`
Читать книги » Книги » Проза » Классическая проза » Борис Ямпольский - Арбат, режимная улица

Борис Ямпольский - Арбат, режимная улица

1 ... 13 14 15 16 17 ... 83 ВПЕРЕД
Перейти на страницу:

Если бы я был виноват, если бы было за что, во мне жило бы сопротивление, я бы старался исхитриться, удрать, исчезнуть, я бы боролся, я бы укрепился на своей мысли, на своей вере, а теперь я был как муха в паутине.

На что я мог надеяться сейчас? Я даже не видел своего палача, может быть, он жил где-то рядом на улице, ежедневно утром проходил мимо моего окна и курил папиросу. Может быть, я сидел рядом с ним в кино и смеялся или плакал вместе с ним, а он будет меня мучить и пытать, и сломает позвоночник, во имя чего, я не знаю, и он не знает, просто потому, что надо кому-то по плану сломать позвоночник, иначе все распустятся, разбалуются.

И никто никогда об этом не узнает. Вот что было страшно, безнадежно.

Я один в этой комнате, один на один с этими серыми, масляными стенами, с этой голой на длинном шнуре электрической лампочкой, и еще молчащий черный телефон. Он молчит, как заколдованный, он уже знает, что со мной стряслось, наши телефоны знают все заранее, а может быть, его уже выключили, друзья, если узнают, что случилось, скорее сунут палец в огонь, чем начнут набирать мой номер.

И внезапно телефон ожил, зазвонил. Он звонил необычно резко и настойчиво, истерично и вдруг замолк. А я глядел на него, и у меня кружилась голова.

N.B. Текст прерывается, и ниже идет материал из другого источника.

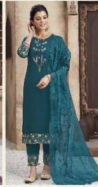
SHAK - 62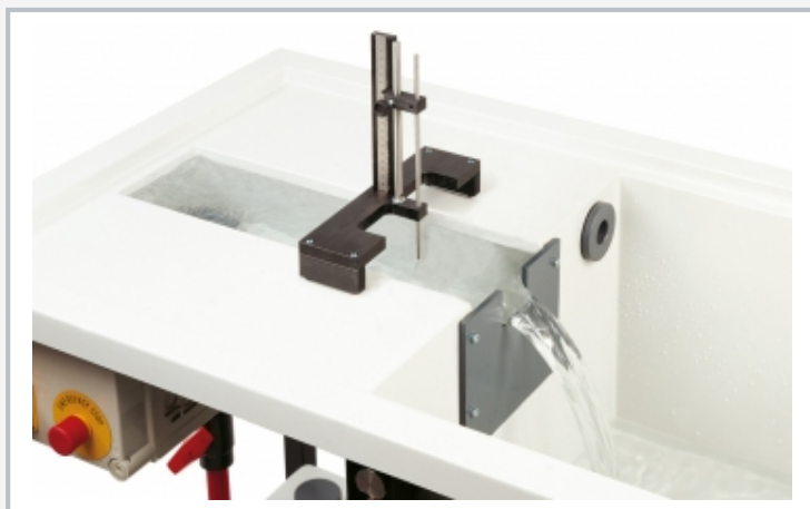
Base module for experiments in fluid mechanics with plate weir HM 150.03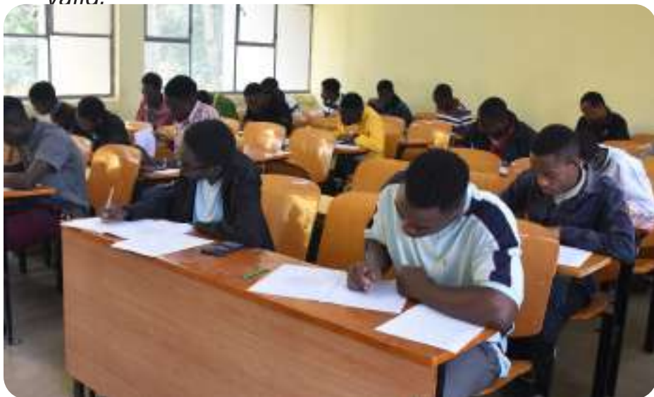
Students in examination session

(b) Notwithstanding the revocation of the College Examination Regulations, of August 2020, anything that was done under the said regulations shall remain valid.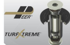
PEER Spindles - Maintenance free with Contamination Exclusion Technology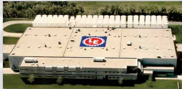
LE's state-of-the-art manufacturing facility and technology center is located in Wichita, KS, USA. Sales, customer service and technical support functions are based in Fort Worth, TX. Our global network of trained lubrication consultants ensures timely onsite assistance after the sale.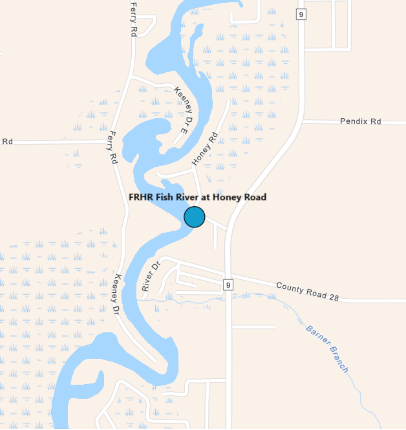
The testing site in Fish River at "Honey Road" is located near the blue circle.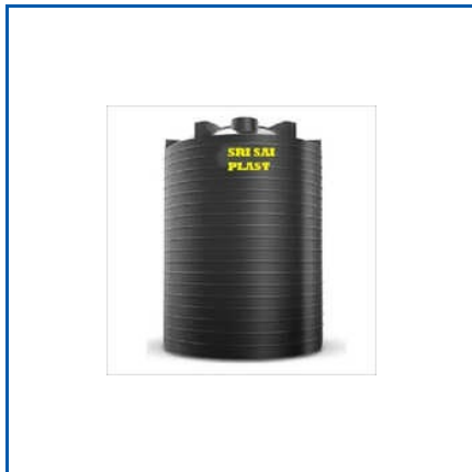
CHEMICAL STORAGE TANKS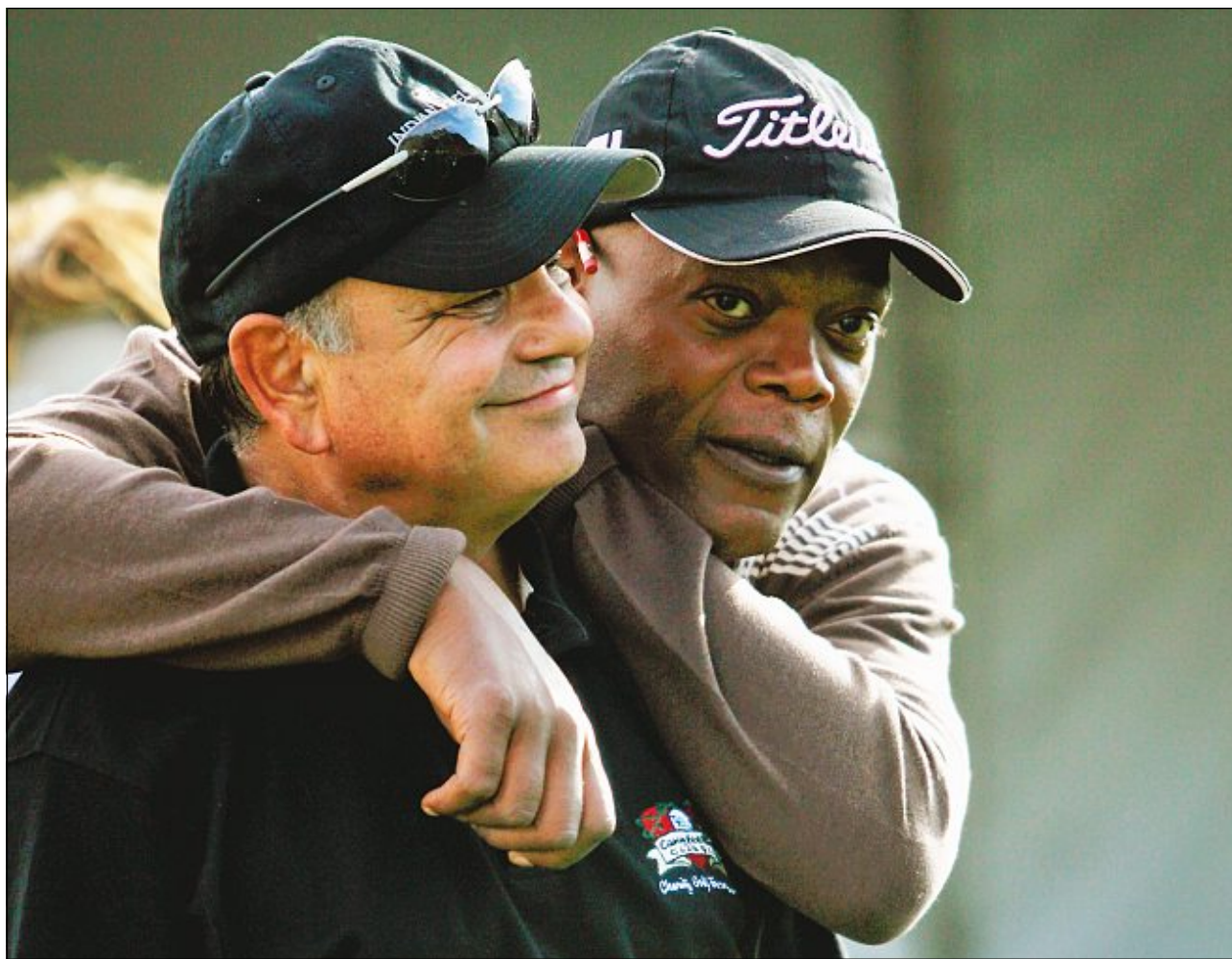
Samuel L. Jackson and Cheech Marin hang out Wednesday, the first day of the Bob Hope Chrysler Classic in La Quinta, before teeing off at the 10th hole of SilverRock Resort.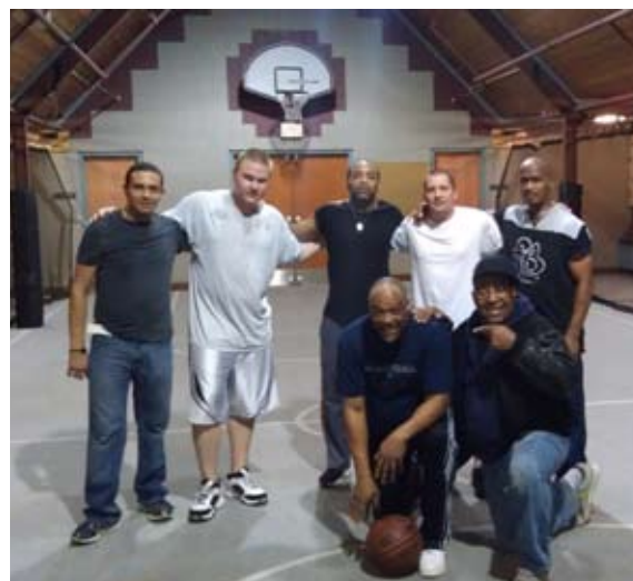
Group of guys from a local mission use our gym regularly to play basketball.

Elder Miller placed in nomination the following names for Congregational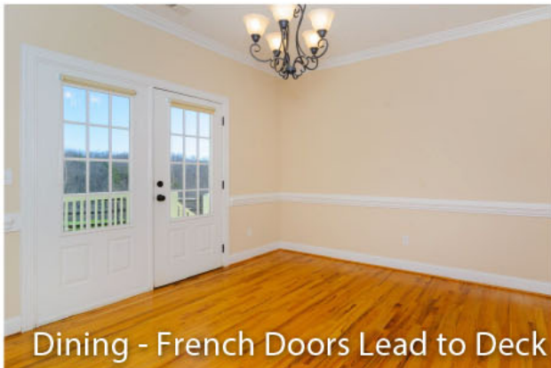
Dining - French Doors Lead to Deck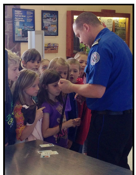
A TSA agent at Yellowstone Airport made luggage tags for the students.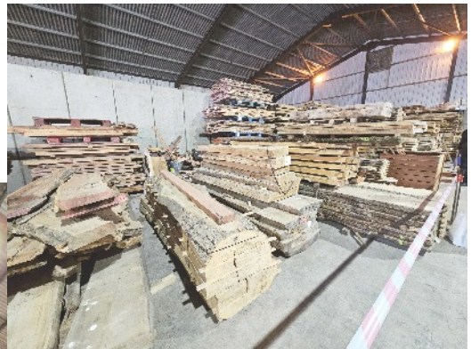
Below - Dalman Warehouse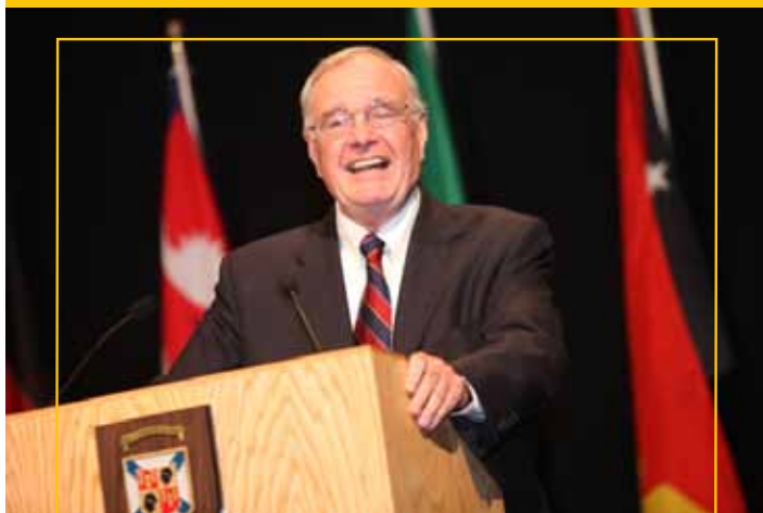
Former Canadian Prime Minister Paul Martin addresses the audience at the Gala Dinner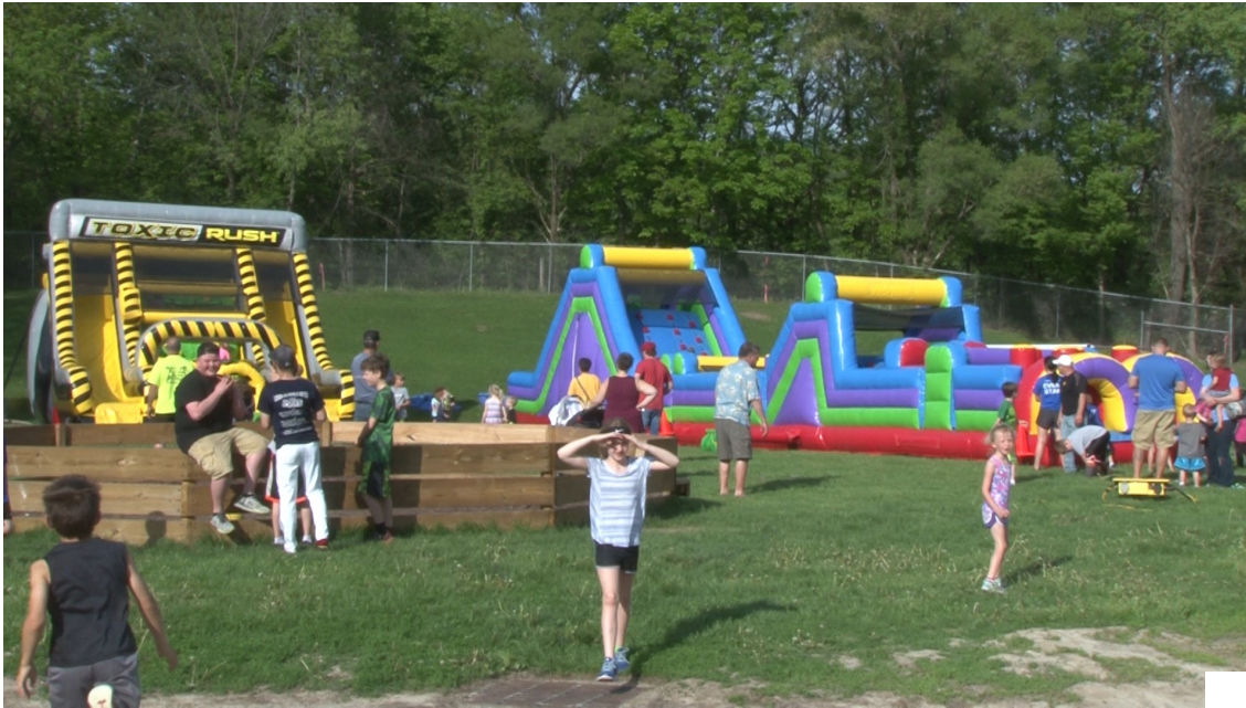
The bounce houses were a big hit and had lots of action Friday night!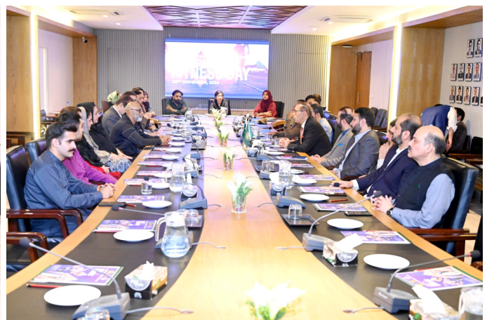
RCCI hosted Health and Fitness Day at Chamber House!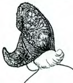
DETAIL OF CAP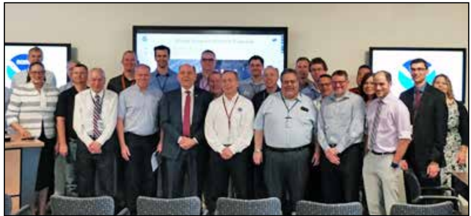
Key NWS staff from throughout the weather service met in May to refine winter weather products and messaging.

A primary discussion topic for the group was planning the testing phase of a proposed Weather Prediction Center (WPC) Probabilistic Winter Storm Outlook (WSO). The goal of this testing phase is to enhance decision making of Winter Storm Watches. This outlook highlights the probability of exceeding local warning criteria involving snow and ice amounts.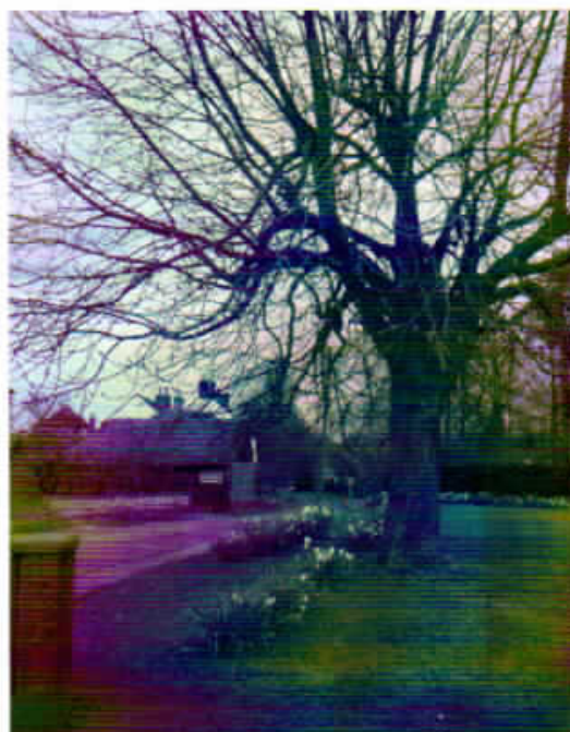
Outside Newhouse, Mersham

In response to the question "If junction 10A is constructed at the end of Kingsford Street/Highfield Lane, should both or either roads be closed off or made into one-way systems," there was an almost tripartite split between closing off, a one-way system and no change - a very inconclusive result. Information relating to the response from the residents of Kingsford Street, who would be directly affected, is unfortunately not available.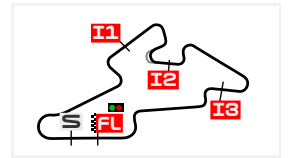
Automotodrom Brno 5403 m.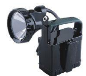
MCI BW 6200 E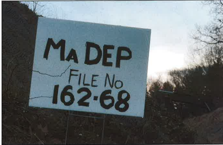
Phase III Bank Restoration for the Connecticut River in the Town of Gill, Massachusetts Bathory/Gallagher & Wallace/Watson Conservation Land

Как хорошо еще было жить вчера, позавчера, к как не ценил, никогда не ценил жизнь, все был недоволен и угрюмо бродил по улицам, и считал себя самым несчастным, смотрел на лица гуляющих под ручку, на ожидающих такси, на смеющихся. Все были счастливы, все куда-то спешили, у всех была цель.

Что один ты такой неприкаянный, несуразный, разнесчастный, родившийся с этим вечным беспокойством, вечной необходимостью что-то немедленно делать, истратить, испепелить свои силы, вечным ожиданием чего-то другого, лучшего.

Редкие, считанные дни жизни был ты спокоен.

Почему всегда думаешь – вот проживу сегодняшний день, пройдут неприятности, боль, забота, и завтра будет лучше. Неужели только обманываешь себя?

В сущности, до сих пор все несчастья, болезни были кажущиеся, надуманные, призрачные, какой-то оптический обман, волны страха, а вот теперь впервые беда настоящая.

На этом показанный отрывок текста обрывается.